EXERCISE OBJECTIVE: Would you transcribe the entries below, beginning at the line with "新年伊始,资本市场因一则分拆" and ending after the line with "Inspirado na beleza", exactly, with no picture and nothing more?

(STORED DATA)

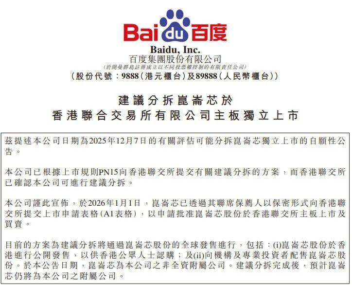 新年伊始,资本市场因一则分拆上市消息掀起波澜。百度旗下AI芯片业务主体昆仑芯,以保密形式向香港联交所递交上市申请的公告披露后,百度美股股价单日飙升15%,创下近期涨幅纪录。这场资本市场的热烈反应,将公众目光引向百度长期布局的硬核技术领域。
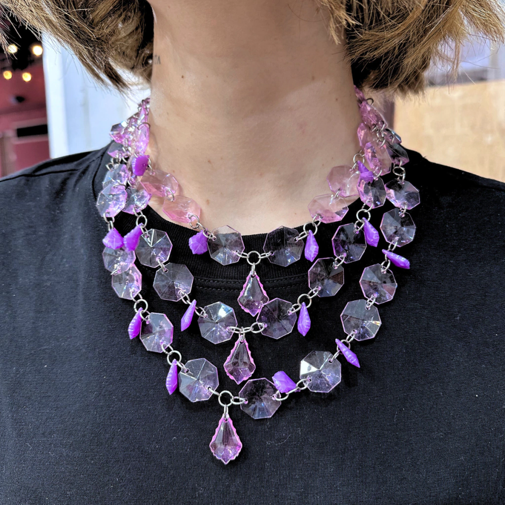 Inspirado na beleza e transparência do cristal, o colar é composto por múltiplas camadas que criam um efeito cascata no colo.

(End STORED DATA)
(STORED DATA)

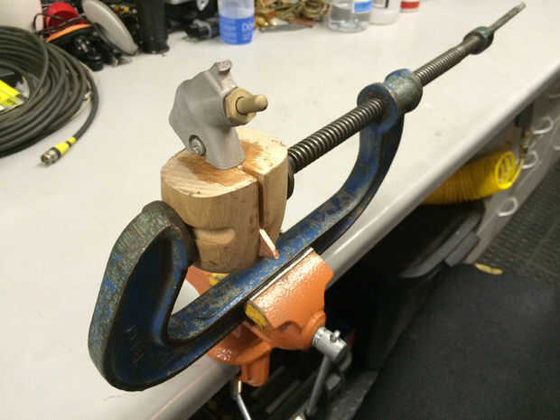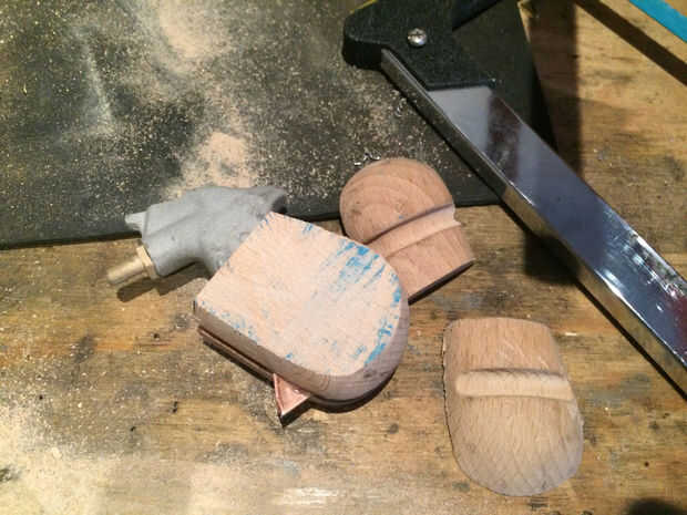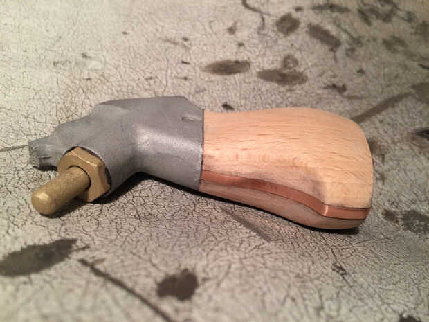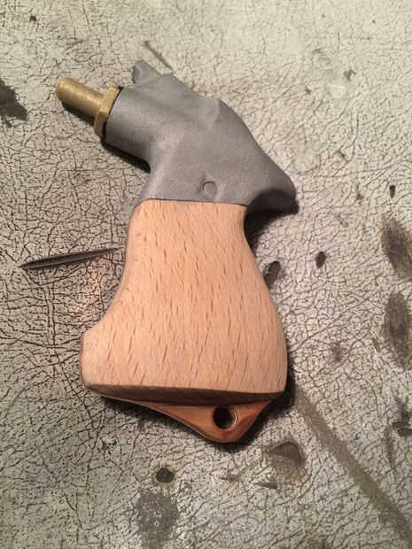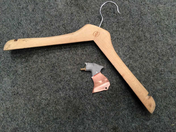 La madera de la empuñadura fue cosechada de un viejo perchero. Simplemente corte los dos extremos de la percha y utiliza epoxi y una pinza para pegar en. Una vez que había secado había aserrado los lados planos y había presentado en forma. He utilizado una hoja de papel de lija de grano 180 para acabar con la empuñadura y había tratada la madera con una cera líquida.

(End STORED DATA)

ANSWER TO THIS EXERCISE:
 新年伊始,资本市场因一则分拆上市消息掀起波澜。百度旗下AI芯片业务主体昆仑芯,以保密形式向香港联交所递交上市申请的公告披露后,百度美股股价单日飙升15%,创下近期涨幅纪录。这场资本市场的热烈反应,将公众目光引向百度长期布局的硬核技术领域。
 Inspirado na beleza e transparência do cristal, o colar é composto por múltiplas camadas que criam um efeito cascata no colo.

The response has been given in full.